Do you have a description of Cavalieri's principle? It is not explained in your paper.

I don't know the correct formula. I just tried integrating :))) and it failed :\

Cavalieri's principle

Just to confirm, a hypersphere has something called a 'radius' right? What I essentially tried was to use the cross sectional volume, integrate across a hemisphere, and see where it goes...

I thought I could do it analogous to integrating the disks in a sphere.

On the top of page 2, it my link in the homework statement states that you can get the volume equation by using Cavalieri's principle. I just took it as a challenge.
 
@fresh_42 I realized I could not even calculate the volume of the 3-ball with my argument. Looks like it must have been wrong!
 
fresh_42 said:
the German version has a closed formula
Do you always look at German versions?
 
yucheng said:
Do you always look at German versions?
I look at all versions I can read a bit. English and German are those with the most pages.
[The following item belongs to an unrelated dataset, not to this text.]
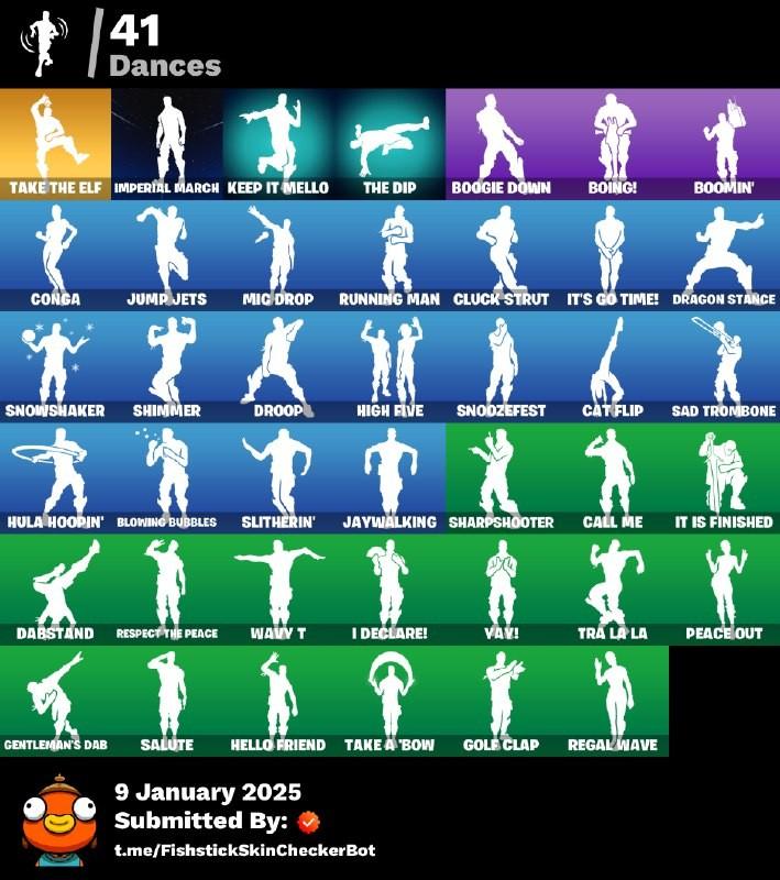 - 🕺 Emotes: 42+ including Boomin, Imperial March, Boogie Down, Snowshaker, Keep It Mello

But I also look at Spanish, French or Italian if I see a chance to find a better version, mostly a better formula. Formulas can be read in any language, hence I do not care the explanations very much and just look at the math.

I made the experience that the English version is often more theoretical and abstract, whereas the German version tends to provide good formulas and specific examples. I also use Wikipedia for translations: technical terms (search the word you know in your native language and then switch to English) as well as for the correct spelling of names (Ångström, de L'Hôpital, Gauß etc.).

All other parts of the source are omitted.